8-K/ALeadership Changes

CHEVRON CORP 8-K/A Report, Executive Changes (Dec 19, 2025)

Filed December 19, 2025For Securities:CVX

Summary

This 8-K/A filing from Chevron Corporation (CVX) serves as an amendment, providing updated details on transactions related to the recently closed acquisition of Hess Corporation. Specifically, it clarifies the terms under which Chevron U.S.A. Inc. will transfer its interest in Hess Toy Truck LLC (ToyCo) and HFO Holdings LLC's interest in HLOGO LLC (which holds the "Hess" brand intellectual property and electronic assets) to John B. Hess. These transactions are a consequence of the acquisition and involve the sale of membership interests in ToyCo for $40,000 and HLOGO for $863,000. Investors should note that Chevron has secured a perpetual, royalty-free license to use the "Hess" trademarks in its oil and gas business and for the ToyCo business, which is a strategic advantage. Additionally, the filing details a transition services agreement and associated vendor costs for separating the Hess family office IT infrastructure, with a portion of these costs being allocated to services performed after Mr. Hess joined the board.

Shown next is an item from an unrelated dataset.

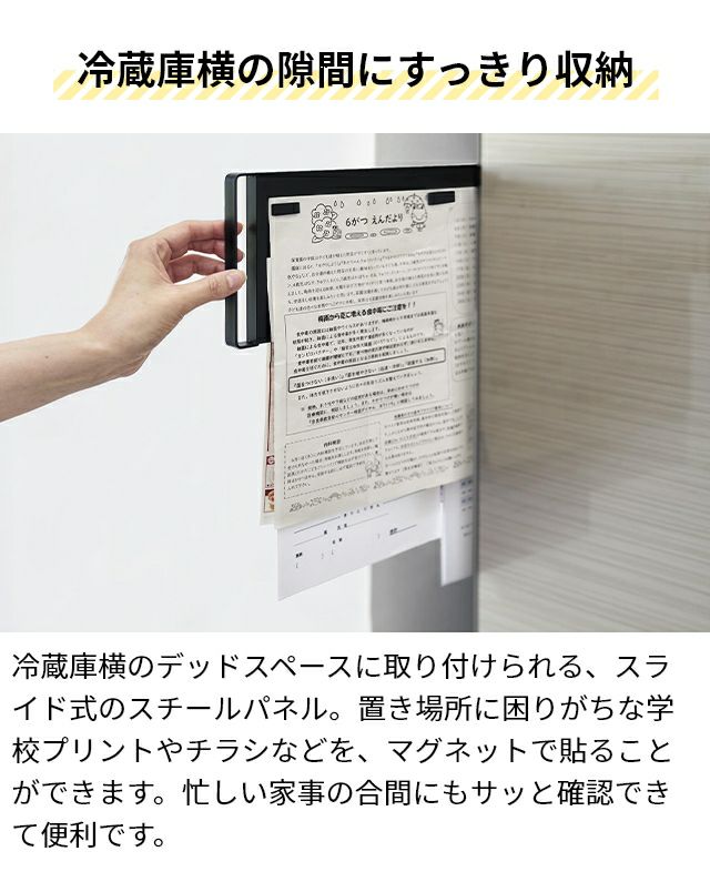 他の画像を見る 冷蔵庫横の隙間に取り付けできる、スライド式のスチールパネル。生活感が出がちな学校プリントやチラシを隠して収納できます。マグネットで貼り付けるだけの簡単設置! 山崎実業 マグネットボード マグネット冷蔵庫横隠せるスライドスチールパネルタワー 1859 1860 掲示板 おしゃれ 子供 a4 a3 tower 隙間収納 壁面収納 マグネット収納 プリント収納 キッチン収納 yamazaki タワーシリーズ 当店特別価格 ¥ 5,830 税込 詳細を見る お気に入りに登録する

While the financial impact of these specific transactions is relatively minor given Chevron's scale, they represent the unwinding of specific Hess Corporation assets post-acquisition.

Key Highlights

  • 1Chevron U.S.A. Inc. to transfer interest in Hess Toy Truck LLC (ToyCo) to John B. Hess for $40,000, effective April 1, 2026.
  • 2Chevron U.S.A. Inc. to transfer interest in HLOGO LLC (holding "Hess" brand IP and electronic assets) to John B. Hess for $863,000, effective December 17, 2025.
  • 3Chevron has secured a perpetual, irrevocable, royalty-free, worldwide license to use "Hess" trademarks in its oil and gas business and for the ToyCo business.
  • 4Chevron also secured a three-year license with automatic renewals for "Hess"-related electronic assets and domains.
  • 5The transactions are a consequence of Chevron's recently closed acquisition of Hess Corporation.
  • 6Details provided on vendor costs for separating Hess family office IT infrastructure post-acquisition, with partial allocation to services after Mr. Hess joined the board.